By NANCY WEST, InDepthNH.org
CONCORD – A judge will decide whether the Secretary of State can continue recounting Manchester Ward 6 House votes that appeared to wrest the 23-vote win from Republican Larry Gagne to Democrat Maxine Mosley during a recount last Monday by one vote.
On election night, Gagne had 1,820 votes counted and Mosley had 1,797 but the recount found Gagne with 1,798 and Mosley with 1,799.
Secretary of State David Scanlan posted Mosley as the winner after the recount, but later in the week said during reconciliation there appeared to be an administrative error and some uncounted votes so he would continue that recount Monday at 4 p.m.
Mosley and Senate Democratic Leader Donna Soucy filed a motion in court to stop any further recount, arguing through their attorney Bill Christie that the winner had already been announced and a second recount under these circumstances would be illegal.
Superior Court Judge Amy Ignatius said she would rule later Monday or early Tuesday after arguments Monday at an expedited hearing in Merrimack County Superior Court.
“There’s no reconciliation process in a recount,” Christie told the judge.
“The votes are tallied during the recount process, the tally sheets are given to the Secretary of State… the Secretary of State announces the vote. That is the declaration of the winner.”
He said the race has been declared and Scanlan no longer has jurisdiction.
Christie said: “They want to keep counting until a Republican wins.”
He said small variances are common. “You could count these ballots 10 times and I bet you’d come up with 10 different results.”
Christie said the variance needs to be greater than one percent to warrant a second recount and this one had a variance of only 0.5 percent.
Representing Scanlan, Deputy General Counsel Myles Matteson, head of the Attorney General’s Election Unit, told the judge there are new rules under the new attorney general and new laws to take into account.
Matteson said in his filing and in court:
“The very purpose of a recount is to ascertain the will of the people, to avoid voter disenfranchisement, and ensure that an unwarranted technicality does not destroy the process.”
Matteson said what the plaintiffs really want is for “this Court to disenfranchise New Hampshire voters in the name of ‘finality’ and ‘fair elections’ to preserve an administrative error in a recount rather than allow the process to continue to the required end of its constitutional obligation—identifying the winning candidate as determined by the will of the voters of Manchester Ward 6.”

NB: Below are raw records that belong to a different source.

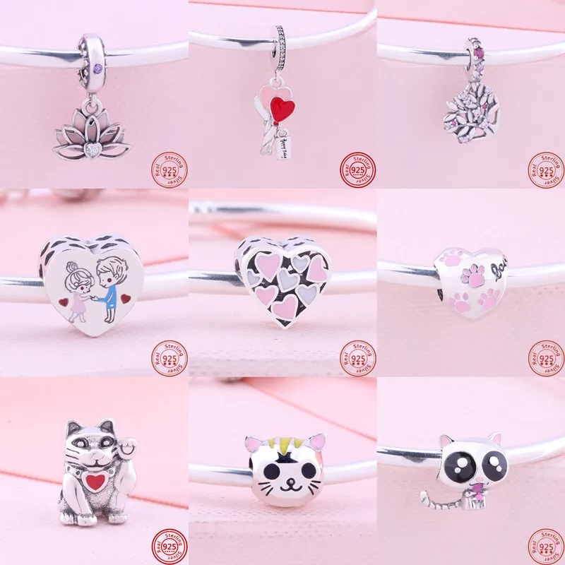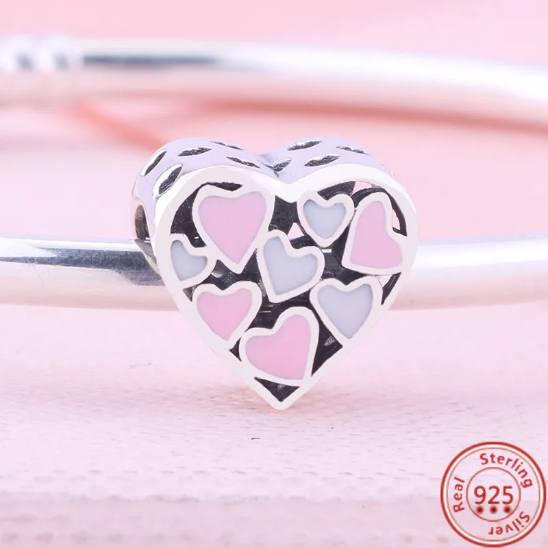 Женские браслеты из серебра 925 пробы, с подвесками в виде сердечек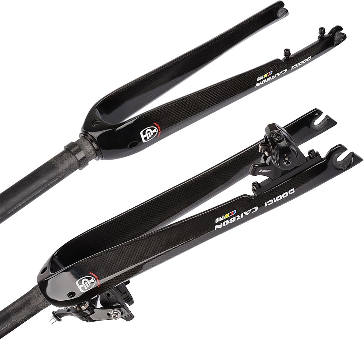 Carbon Fiber Road Bikes Rigid Fork 700C Disc/C Brake Hard Fork Quick Release Front Fork 1-1/8" Straight Tube ThreadlessInformation:Size:Gravel Bike Rigid Fork Color: BlackSize: 700CMaterial: T800 carbon fiberSteerer tube type: 1-1/8" straightSteer Tube Diameter: 28.6mmBottom File: 30mmSteerer tube lenth: 300mmQuick Release: 9*100mmBrake: C Brake/Disc Brake, Supports Bike Disc Brake Rotor 140/160MMApplicable tires: Support out tire 700*18/20/23/25/28/32C, max 700C*32C tiresScope of application: Road bikes, Gravel bikes, City bikes.Weight: About 380±20gPackage:Rigid Fork x 1Attention: 1: If you have any product and service questions, please contact us, we will reply you within 24 hours.2.Please allow slight dimensional tolerances due to manual measurements, lighting in photography may cause color differences from real life.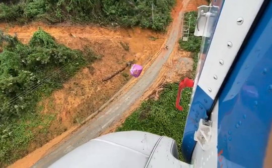 | Trực thăng thả hàng cứu trợ đến điểm sạt lở (Ảnh internet) |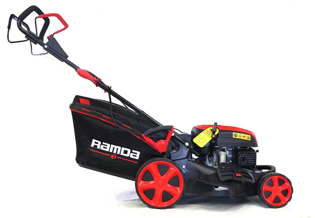 Ramda G46SHLE-B1 4v1 samohodna bencinska kosilnica z 2,6 kW moči, 65-litrskim košem in 4v1 načinom košnje: koš, mulčer, izmet zadaj in stranki izmet. Celoten opis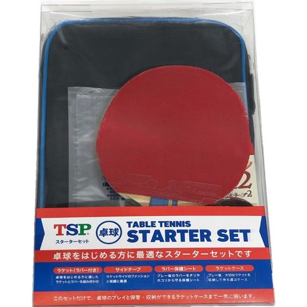 TSP(ティーエスピー) 卓球 スターターセット5点セット 貼り上げ済みラケット+ケース+ボール3球+サイドテープ+保護シート付 品番:025837-0120(ブルー) ラケット:026154(グリップ形状:FL) ラバー:020501 ケース:040513 ラバー保護シート:044120 サイドテープ:044151 ボール:014049 ラケット商品名:スタッシュ ラケット素材:5枚合板(木材5枚) ラケット打球感:ミッド ラケットスピード:ミッド ラケット重量:85±重量(g)※ラケットのみの重さです ラケット厚:5.6mm ラケットサイズ:157mm×150mm グリップサイズ:長100mm×厚23mm(FL) 原産国:中国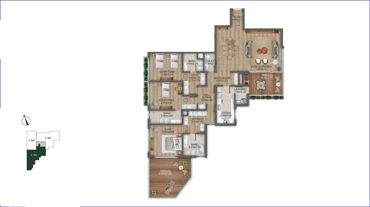Piso 2 torre C con orientación oeste.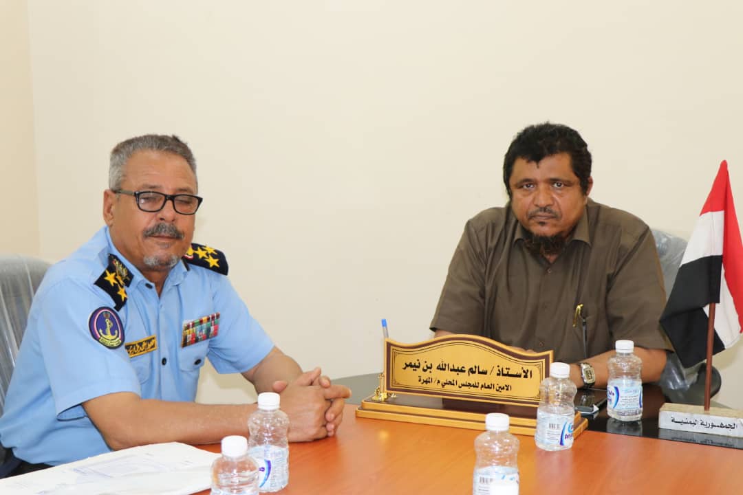 أكد الأمين العام للمجلس المحلي بمحافظة المهرة الأستاذ سالم عبدالله نيمر، على أهمية تعزيز إجراءات الأمن ومكافحة ظاهرة التهريب بكافة أشكالها للحفاظ على أمن واستقرار المحافظة، مشددا على ضرورة التعامل بحزم وحسم مع كافة عصابات التهريب ، خلال لقائه، اليوم، بقائد خفر السواحل بالمحافظة العميد ركن محمد طارش الحمادي.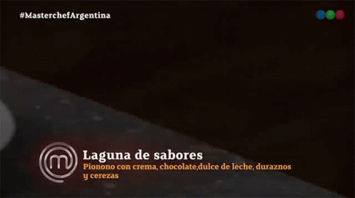 A delicious 'Laguna de Sabores' dessert from Masterchef Argentina, featuring pionono with cream, chocolate, dulce de leche, peaches, and cherries.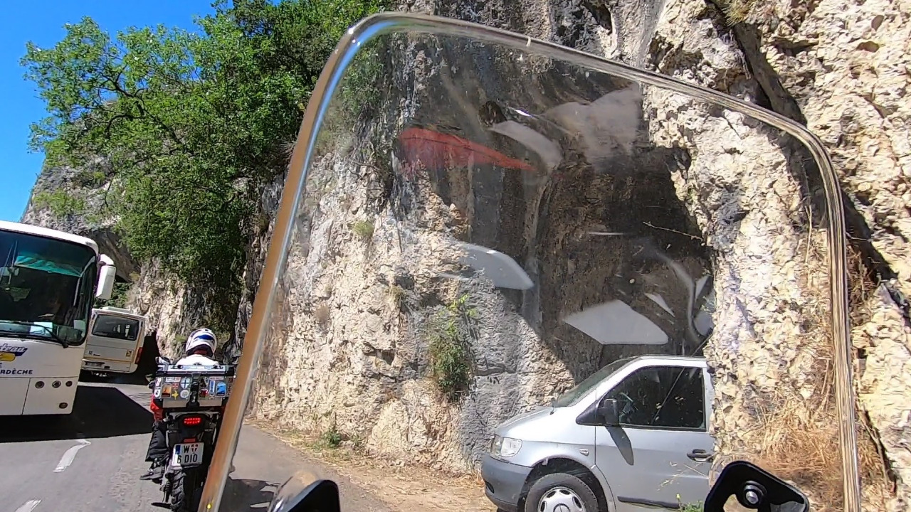 Wir müssen weiter! Unser Foto vom Pont d´Arc! Doch manchmal geht ein Plan nicht auf und die Dinge funktionieren nicht. Der Verkehr ist dicht und wir stauen langsam am Fotopunkt vorbei. Für eine Sekunde erwägen wir, einfach auf der Straße abzustellen. Oder auf den schmalen Gehsteig zu hüpfen. Doch Verkehr zu viel, Gehsteigkante zu hoch. So tuckern wir am Pont d´Arc vorbei und können die beeindruckende Felsformation gerade noch aus den Augenwinkeln erkennen.

Matteson said: “The obligation of election officials is to ensure that the will of the voters—as determined by the ballots cast—determines the winner of any election. Instead of seeking to vindicate the will of the Manchester Ward 6 voters, the Plaintiffs insist that the announcement of a vote tally, prior to completing the reconciliation of votes to verify that all were counted, constitutes an irreversible action to lock-in an incomplete count into a victory achieved by disenfranchisement.”
Attorney Rick Lehmann, representing Gagne, told the judge what really matters at the end of the day is that all of the votes are counted, urging that the recount continue.
Every seat counts as the final total could decide which party will control the House of Representatives during the next session.
The count appears to be 200 Republicans to 199 Democrats and one tie after recounts so far with more to come.
On Tuesday, a Coos County Republican House seat flipped to a Democratic one after recount and another House race ended in a tie.
For Coos County District 7, John Greer, the Republican, had election data totals of 2,447 votes over Democrat Eamon Kelley, 2,443, but the recount found Greer with 2,450 to Kelley’s 2,452, winning by two votes.
On Wednesday, the recount for a House seat in Rochester ended in a tie between incumbent Democrat Chuck Grassie and Republican David Walker.
Walker beat Grassie by one vote during the election for Rochester’s Ward 4, 971-970. After the recount, it was a tie at 970-970.
Democrats have been in the minority for the past two years, but had picked up seats during the midterm elections Nov. 8. Two years ago, Democrats were elected to 177 seats.